Photograph:(Reuters)

Story highlights

Tusk said the appointment of Germany's defence minister Ursula von der Leyen to lead the next European Commission still needed approval from the European Parliament

European Council President Donald Tusk praised an agreement to assign two senior EU jobs on to women for the first time.

"After all, Europe is a woman," he told a news conference after three day of tortuous talks between 28 EU leaders on assigning the bloc's top jobs exposed their deepening divisions.

Tusk said the appointment of Germany's defence minister Ursula von der Leyen to lead the next European Commission still needed approval from the European Parliament.
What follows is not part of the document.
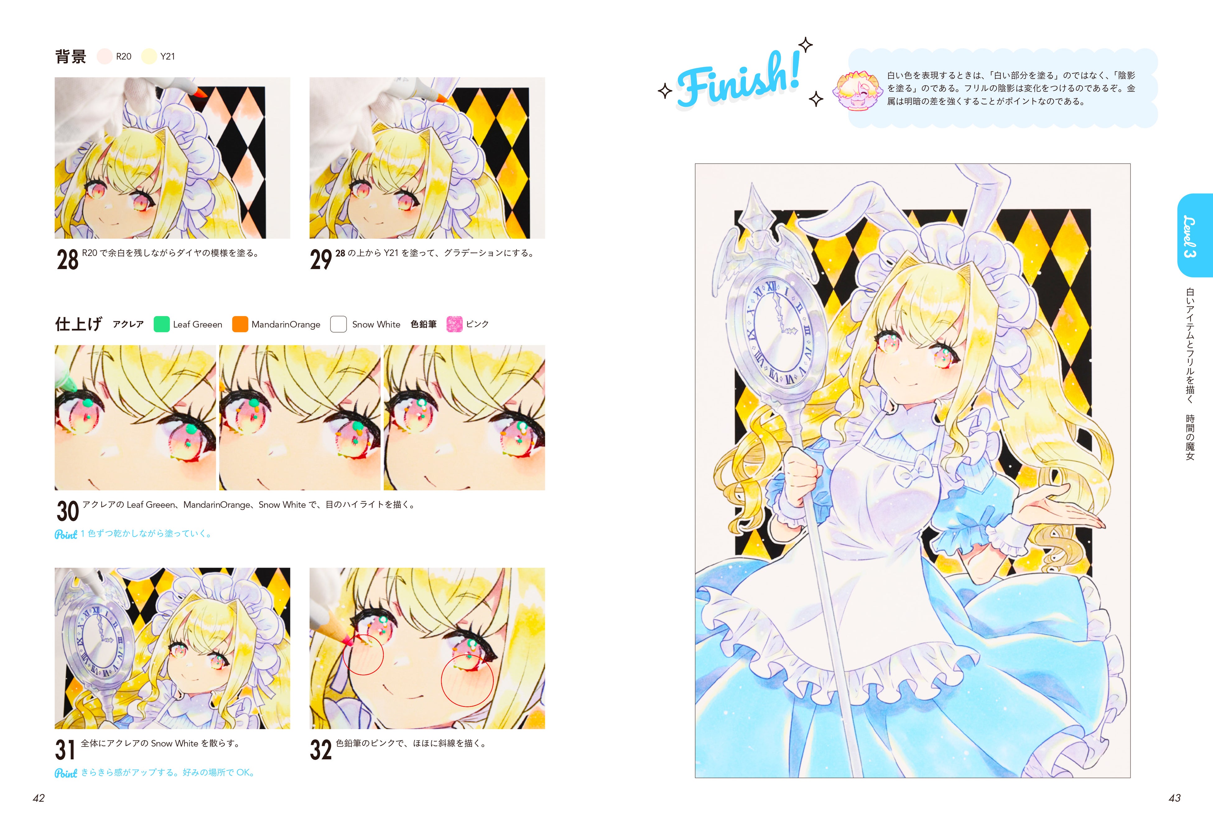 techniques!! Start by practicing coloring a “Basic Witch” using the Copic “Basic Six Colors” recommended by Mahou-sama! Step up your level by gradually increasing the number of colors used. You can easily learn even difficult expressions. The entire process was

He also said he was "absolutely sure" that France's Christine Lagarde would be an independent new head of the European Central Bank.

European Union leaders agreed on Tuesday to name France's Christine Lagarde as the new head of the European Central Bank and sealed a deal on filling the EU's other top four jobs after marathon talks that have exposed deep divisions in the bloc.

Three days of summit negotiations that at times looked close to collapse ended with a deal that now must be approved by the European Parliament and was immediately rejected by the socialist and green bloc in the assembly in Strasbourg.

Leaders hope the decision to nominate two women, Lagarde and German Defence Minister Ursula von der Leyen, to the top of EU decision-making for the first time will send a positive message and repair damage wrought by such a fractious summit, diplomats said.

Lagarde, once France's first woman finance minister and since 2011 head of the International Monetary Fund (IMF), is a strong advocate of female empowerment, although she has no direct, active monetary policy experience.

The biggest task for Lagarde, who had previously denied any interest in an EU job, will be to revive the eurozone economy.

"Christine Lagarde will ... be a perfect president of the European Central Bank," Tusk said. "I am absolutely sure that she will be a very independent president ..."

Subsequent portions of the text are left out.